Problem statement: Output the entries below exactly as written, omitting pictures.

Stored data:
● ● ●

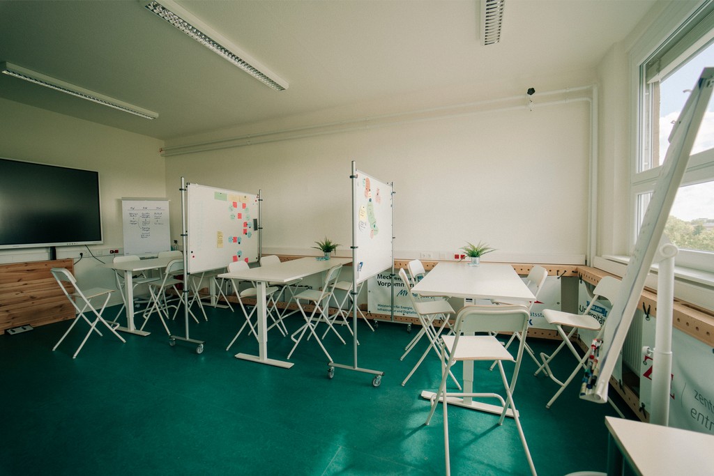 In der Design-Thinking Area gelingt das plastische Hineindenken in Lösungsfindungen quasi von selbst. In diesem Raum findest Du 4 Whiteboards, 2 Flipcharts, mehrere Moderationskoffer, höhenverstellbare Tische, Barhocker und vieles mehr.
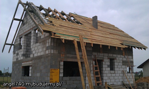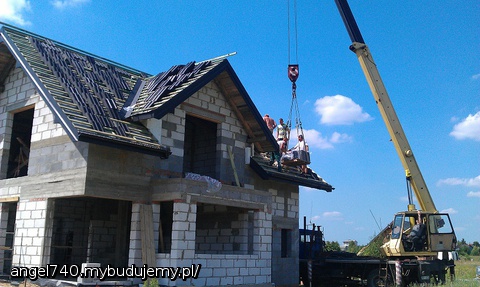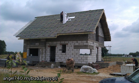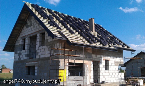 Dzisiaj cały dzień nowa brygada układała folię kontrałaty i łaty.Dobra wiadomość już jutro przyjedzie dachówka.Jesteśmy ciekawi jak to będzie wyglądać na dachu.Pan od okien jutro przyjedzie mierzyć otwory okienne i drzwiowe, parapety też chcemy zamówić i odrazu z oknami osadzić.Elektryk wchodzi do nas w sobotę, powiedział że w 2 tygodnia wyrobi się ze swoim zadaniem, a potem trzeba zaprosić Pana od tynków.Tynki chcemy cementno-wapienne, jak oglądaliśmy jakie są to bardzo nam się spodobały- "pachną życiem".
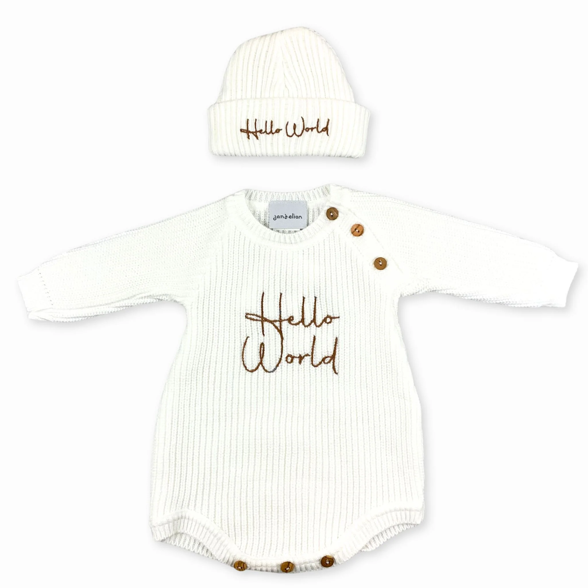 Dandelion White Knitted “Hello World” Romper & Hat Set
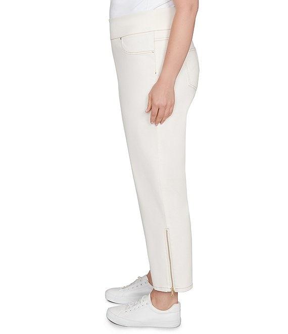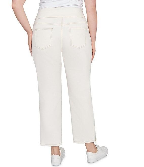 From Ruby Rd. Plus, these pants feature: Soft stretch denim fabrication Wide elastic waistband Faux front pockets; functional back patch pockets Ankle length Functional zippered at hem Un-zip hem for a vintage flared look, or zip them up for a straight fit Pull-on construction Approx. 29.25" inseam Cotton/polyester/spandex Machine wash/tumble dry Imported.
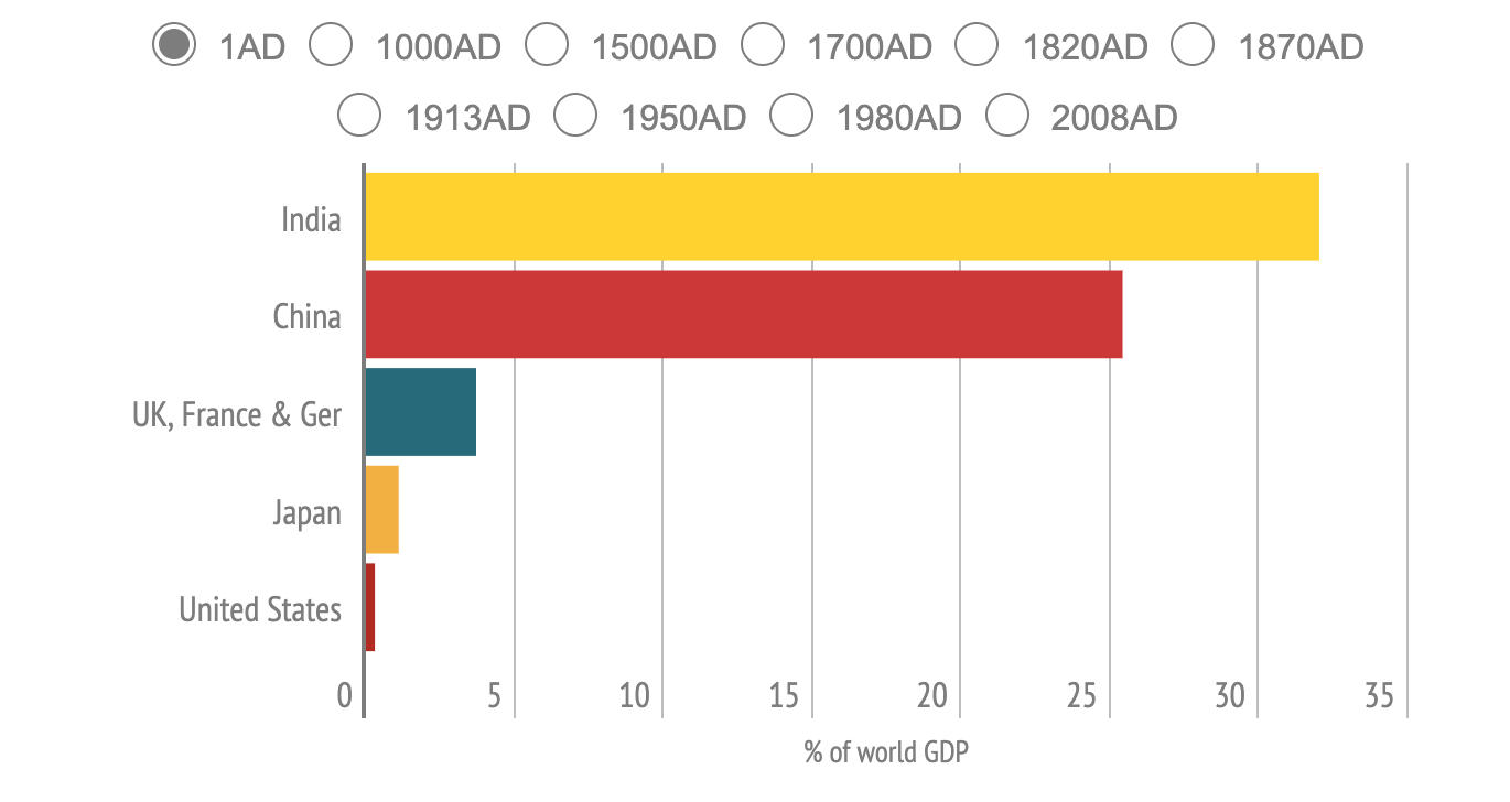 Η εποχή μας χαρακτηρίζεται από μια γεωπολιτική μοναδικότητα, ή για να είμαστε πιο ακριβείς, αποτελεί το τέλος αυτής της μοναδικότητας. Για πάνω από 1.500 χρόνια η Ανατολή, και με αυτόν τον όρο θα αναφερόμαστε στην Ινδία και την Κίνα, αποτελούσε αθροιστικά περίπου το 50% του παγκόσμιου πλούτου. Συγκεκριμένα, αναλύοντας τα ποσοστά του παγκόσμιου Α.Ε.Π, από το έτος 1 μ. Χ έως και το έτος 1820 το ποσοστιαίο άθροισμα επί του παγκόσμιου Α.Ε.Π της Κίνας και της Ινδίας κυμαίνεται από 46,8 έως 57,4%. Αυτή η κατάσταση αποτελεί μια παγκόσμια σταθερά. Αίτιά της είναι ο μεγάλος πληθυσμός αυτών των κρατών, η έντονη εμπορική τους δραστηριότητα σε τομείς που είχαν ζήτηση στις δυτικές κοινωνίες (όπως οι πολύτιμοι λίθοι, τα μπαχαρικά, η πορσελάνη, το μετάξι και το τσάι) καθώς και το γεγονός ότι η Κίνα μπορούσε να εξυπηρετεί μόνη της όλες τις παραγωγικές της ανάγκες.
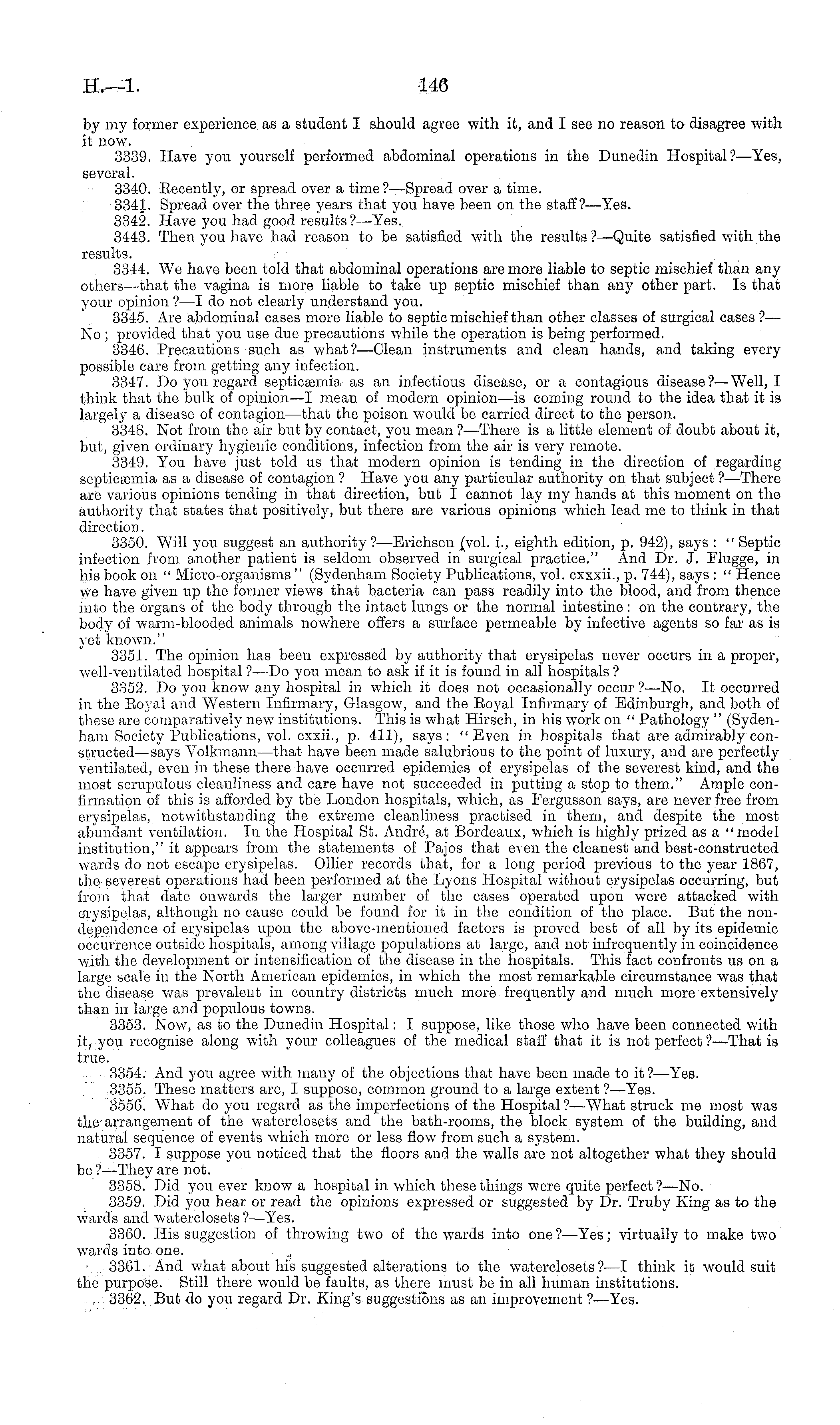 by my former experience as a student I should agree with it, and I see no reason to disagree with it now. 3339. Have you yourself performed abdominal operations in the Dunedin Hospital?— Yes, several. 3340. Eecently, or spread over a time?— Spread over a time. 3341. Spread over the three years that you have been on the staff?— Yes. 3342. Have you had good results?— Yes. 3443. Then you have had reason to be satisfied with the results ?—Quite satisfied with the results. 3344. We have been told that abdominal operations are more liable to septic mischief than any others —that the vagina is more liable to take up septic mischief than any other part. Is that your opinion ? —I do not clearly understand you. 3345. Are abdominal cases more liable to septic mischief than other classes of surgical cases ?— No ; provided that you use due precautions while the operation is being performed. 3346. Precautions such as what?— Clean instruments and clean hands, and taking every possible care from getting any infection. 3347. Do you regard septicaemia as an infectious disease, or a contagious disease? —Well, I think that the bulk of opinion—l mean of modern opinion—is coming round to the idea that it is largely a disease of contagion—that the poison would be carried direct to the person. 3348. Not from the air but by contact, you mean ? —There is a little element of doubt about it, but, given ordinary hygienic conditions, infection from the air is very remote. 3349. You have just told us that modern opinion is tending in the direction of regarding septicaomia as a disease of contagion ? Have you any particular authority on that subject ? —There are various opinions tending in that direction, but I cannot lay my hands at this moment on the authority that states that positively, but there are various opinions which lead me to think in that direction. 3350. Will you suggest an authority ?—Erichsen (vol. i., eighth edition, p. 942), says : " Septic infection from another patient is seldom observed in surgical practice." And Dr. J. Flugge, in his book on " Micro-organisms " (Sydenham Society Publications, vol. cxxxii., p. 744), says : " Hence we have given up the former views that bacteria can pass readily into the blood, and from thence into the organs of the body through the intact lungs or the normal intestine : on the contrary, the body of warm-blooded animals nowhere offers a surface permeable by infective agents so far as is yet known." 3351. The opinion has been expressed by authority that erysipelas never occurs in a proper, well-ventilated hospital ? —Do you mean to ask if it is found in all hospitals ? 3352. Do you know any hospital in which it does not occasionally occur ?—No. It occurred in the Eoyal and Western Infirmary, Glasgow, and the Eoyal Infirmary of Edinburgh, and both of these are comparatively new institutions. This is what Hirsch, in his work on " Pathology " (Sydenham Society Publications, vol. cxxii., p. 411), says: "Even in hospitals that are admirably constructed —says Volkmanu —that have been made salubrious to the point of luxury, and are perfectly ventilated, even in these there have occurred epidemics of erysipelas of the severest kind, and the most scrupulous cleanliness and care have not succeeded in putting a stop to them." Ample confirmation of this is afforded by the London hospitals, which, as Fergusson says, are never free from erysipelas, notwithstanding the extreme cleanliness practised in them, and despite the most abundant ventilation. In the Hospital St. Andre, at Bordeaux, which is highly prized as a "model institution," it appears from the statements of Pajos that even the cleanest and best-constructed wards do not escape erysipelas. Oilier records that, for a long period previous to the year 1867, the- severest operations had been performed at the Lyons Hospital without erysipelas occurring, but from that date onwards the larger number of the cases operated upon were attacked with erysipelas, although no cause could be found for it in the condition of the place. But the nondependence of erysipelas upon the above-mentioned factors is proved best of all by its epidemic occurrence outside hospitals, among village populations at large, and not infrequently in coincidence with the development or intensification of the disease in the hospitals. This fact confronts us on a large scale in the North American epidemics, in which the most remarkable circumstance was that the disease was prevalent in country districts much more frequently and much more extensively than in large and populous towns. 3353. Now, as to the Dunedin Hospital: I suppose, like those who have been connected with it, you recognise along with your colleagues of the medical staff that it is not perfect ?—That is true. 3354. And you agree with many of the objections that have been made to it?— Yes. 3355. These matters are, I suppose, common ground to a large extent ?—Yes. 3556. What do you regard as the imperfections of the Hospital?— What struck me most was the arrangement of the waterclosets and the bath-rooms, the block system of the building, and natural sequence of events which more or less flow from such a system. 3357. I suppose you noticed that the floors and the walls are not altogether what they should be ?—They are not. 3358. Did you ever know a hospital in which these things were quite perfect ?—No. 3359. Did you hear or read the opinions expressed or suggested by Dr. Truby King as to the wards and waterclosets ?—Yes. 3360. His suggestion of throwing two of the wards into one ? —Yes; virtually to make two wards into one. 3361. And what about his suggested alterations to the waterclosets?—l think it would suit the purpose. Still there would be faults, as there must be in all human institutions. . ~: 3362. But do you regard Dr. King's suggestions as an improvement ? —Yes.
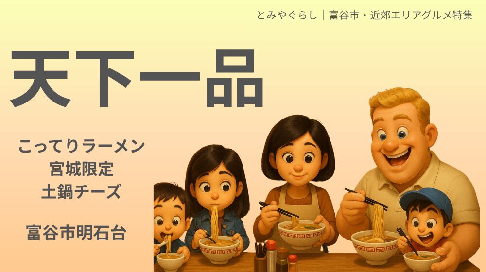 週末の昼下がり、家族で富谷の「とみやど」を散歩していると、ふと子どもたちが「ラーメン食べたい!」と声をあげました。 長女のひよりは少し大人びた顔で「丹心麺って有名らしいよ」とつぶやき、次男カイは「おなかペコペコ!」と走り出す始末。そんな様... -
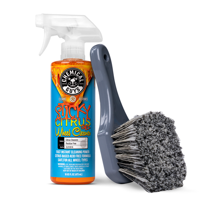 Get a safer, deeper clean with the Chemical Guys Wheel Cleaning Kit, a simple yet powerful combo designed to break down brake dust, road grime, and stubborn buildup on all wheel finishes. Sticky Citrus Wheel Cleaner Gel clings to surfaces for extended dwell time, penetrating and loosening contaminants without harsh acids, while the Wheel Works Medium Duty Wheel & Body Brush agitates dirt from spokes, barrels, and tight areas without scratching. Bundled together, this duo delivers a streamlined clean-and-agitate process that maximizes results with minimal effort, giving you brighter, cleaner wheels in less time. If you want an easy, effective way to maintain showroom-level wheels, this kit is an essential addition to your detailing arsenal.

● ● ●

Response to this task:
 In der Design-Thinking Area gelingt das plastische Hineindenken in Lösungsfindungen quasi von selbst. In diesem Raum findest Du 4 Whiteboards, 2 Flipcharts, mehrere Moderationskoffer, höhenverstellbare Tische, Barhocker und vieles mehr.
 Dzisiaj cały dzień nowa brygada układała folię kontrałaty i łaty.Dobra wiadomość już jutro przyjedzie dachówka.Jesteśmy ciekawi jak to będzie wyglądać na dachu.Pan od okien jutro przyjedzie mierzyć otwory okienne i drzwiowe, parapety też chcemy zamówić i odrazu z oknami osadzić.Elektryk wchodzi do nas w sobotę, powiedział że w 2 tygodnia wyrobi się ze swoim zadaniem, a potem trzeba zaprosić Pana od tynków.Tynki chcemy cementno-wapienne, jak oglądaliśmy jakie są to bardzo nam się spodobały- "pachną życiem".
 Dandelion White Knitted “Hello World” Romper & Hat Set
 From Ruby Rd. Plus, these pants feature: Soft stretch denim fabrication Wide elastic waistband Faux front pockets; functional back patch pockets Ankle length Functional zippered at hem Un-zip hem for a vintage flared look, or zip them up for a straight fit Pull-on construction Approx. 29.25" inseam Cotton/polyester/spandex Machine wash/tumble dry Imported.
 Η εποχή μας χαρακτηρίζεται από μια γεωπολιτική μοναδικότητα, ή για να είμαστε πιο ακριβείς, αποτελεί το τέλος αυτής της μοναδικότητας. Για πάνω από 1.500 χρόνια η Ανατολή, και με αυτόν τον όρο θα αναφερόμαστε στην Ινδία και την Κίνα, αποτελούσε αθροιστικά περίπου το 50% του παγκόσμιου πλούτου. Συγκεκριμένα, αναλύοντας τα ποσοστά του παγκόσμιου Α.Ε.Π, από το έτος 1 μ. Χ έως και το έτος 1820 το ποσοστιαίο άθροισμα επί του παγκόσμιου Α.Ε.Π της Κίνας και της Ινδίας κυμαίνεται από 46,8 έως 57,4%. Αυτή η κατάσταση αποτελεί μια παγκόσμια σταθερά. Αίτιά της είναι ο μεγάλος πληθυσμός αυτών των κρατών, η έντονη εμπορική τους δραστηριότητα σε τομείς που είχαν ζήτηση στις δυτικές κοινωνίες (όπως οι πολύτιμοι λίθοι, τα μπαχαρικά, η πορσελάνη, το μετάξι και το τσάι) καθώς και το γεγονός ότι η Κίνα μπορούσε να εξυπηρετεί μόνη της όλες τις παραγωγικές της ανάγκες.
 by my former experience as a student I should agree with it, and I see no reason to disagree with it now. 3339. Have you yourself performed abdominal operations in the Dunedin Hospital?— Yes, several. 3340. Eecently, or spread over a time?— Spread over a time. 3341. Spread over the three years that you have been on the staff?— Yes. 3342. Have you had good results?— Yes. 3443. Then you have had reason to be satisfied with the results ?—Quite satisfied with the results. 3344. We have been told that abdominal operations are more liable to septic mischief than any others —that the vagina is more liable to take up septic mischief than any other part. Is that your opinion ? —I do not clearly understand you. 3345. Are abdominal cases more liable to septic mischief than other classes of surgical cases ?— No ; provided that you use due precautions while the operation is being performed. 3346. Precautions such as what?— Clean instruments and clean hands, and taking every possible care from getting any infection. 3347. Do you regard septicaemia as an infectious disease, or a contagious disease? —Well, I think that the bulk of opinion—l mean of modern opinion—is coming round to the idea that it is largely a disease of contagion—that the poison would be carried direct to the person. 3348. Not from the air but by contact, you mean ? —There is a little element of doubt about it, but, given ordinary hygienic conditions, infection from the air is very remote. 3349. You have just told us that modern opinion is tending in the direction of regarding septicaomia as a disease of contagion ? Have you any particular authority on that subject ? —There are various opinions tending in that direction, but I cannot lay my hands at this moment on the authority that states that positively, but there are various opinions which lead me to think in that direction. 3350. Will you suggest an authority ?—Erichsen (vol. i., eighth edition, p. 942), says : " Septic infection from another patient is seldom observed in surgical practice." And Dr. J. Flugge, in his book on " Micro-organisms " (Sydenham Society Publications, vol. cxxxii., p. 744), says : " Hence we have given up the former views that bacteria can pass readily into the blood, and from thence into the organs of the body through the intact lungs or the normal intestine : on the contrary, the body of warm-blooded animals nowhere offers a surface permeable by infective agents so far as is yet known." 3351. The opinion has been expressed by authority that erysipelas never occurs in a proper, well-ventilated hospital ? —Do you mean to ask if it is found in all hospitals ? 3352. Do you know any hospital in which it does not occasionally occur ?—No. It occurred in the Eoyal and Western Infirmary, Glasgow, and the Eoyal Infirmary of Edinburgh, and both of these are comparatively new institutions. This is what Hirsch, in his work on " Pathology " (Sydenham Society Publications, vol. cxxii., p. 411), says: "Even in hospitals that are admirably constructed —says Volkmanu —that have been made salubrious to the point of luxury, and are perfectly ventilated, even in these there have occurred epidemics of erysipelas of the severest kind, and the most scrupulous cleanliness and care have not succeeded in putting a stop to them." Ample confirmation of this is afforded by the London hospitals, which, as Fergusson says, are never free from erysipelas, notwithstanding the extreme cleanliness practised in them, and despite the most abundant ventilation. In the Hospital St. Andre, at Bordeaux, which is highly prized as a "model institution," it appears from the statements of Pajos that even the cleanest and best-constructed wards do not escape erysipelas. Oilier records that, for a long period previous to the year 1867, the- severest operations had been performed at the Lyons Hospital without erysipelas occurring, but from that date onwards the larger number of the cases operated upon were attacked with erysipelas, although no cause could be found for it in the condition of the place. But the nondependence of erysipelas upon the above-mentioned factors is proved best of all by its epidemic occurrence outside hospitals, among village populations at large, and not infrequently in coincidence with the development or intensification of the disease in the hospitals. This fact confronts us on a large scale in the North American epidemics, in which the most remarkable circumstance was that the disease was prevalent in country districts much more frequently and much more extensively than in large and populous towns. 3353. Now, as to the Dunedin Hospital: I suppose, like those who have been connected with it, you recognise along with your colleagues of the medical staff that it is not perfect ?—That is true. 3354. And you agree with many of the objections that have been made to it?— Yes. 3355. These matters are, I suppose, common ground to a large extent ?—Yes. 3556. What do you regard as the imperfections of the Hospital?— What struck me most was the arrangement of the waterclosets and the bath-rooms, the block system of the building, and natural sequence of events which more or less flow from such a system. 3357. I suppose you noticed that the floors and the walls are not altogether what they should be ?—They are not. 3358. Did you ever know a hospital in which these things were quite perfect ?—No. 3359. Did you hear or read the opinions expressed or suggested by Dr. Truby King as to the wards and waterclosets ?—Yes. 3360. His suggestion of throwing two of the wards into one ? —Yes; virtually to make two wards into one. 3361. And what about his suggested alterations to the waterclosets?—l think it would suit the purpose. Still there would be faults, as there must be in all human institutions. . ~: 3362. But do you regard Dr. King's suggestions as an improvement ? —Yes.
 週末の昼下がり、家族で富谷の「とみやど」を散歩していると、ふと子どもたちが「ラーメン食べたい!」と声をあげました。 長女のひよりは少し大人びた顔で「丹心麺って有名らしいよ」とつぶやき、次男カイは「おなかペコペコ!」と走り出す始末。そんな様... -
 Get a safer, deeper clean with the Chemical Guys Wheel Cleaning Kit, a simple yet powerful combo designed to break down brake dust, road grime, and stubborn buildup on all wheel finishes. Sticky Citrus Wheel Cleaner Gel clings to surfaces for extended dwell time, penetrating and loosening contaminants without harsh acids, while the Wheel Works Medium Duty Wheel & Body Brush agitates dirt from spokes, barrels, and tight areas without scratching. Bundled together, this duo delivers a streamlined clean-and-agitate process that maximizes results with minimal effort, giving you brighter, cleaner wheels in less time. If you want an easy, effective way to maintain showroom-level wheels, this kit is an essential addition to your detailing arsenal.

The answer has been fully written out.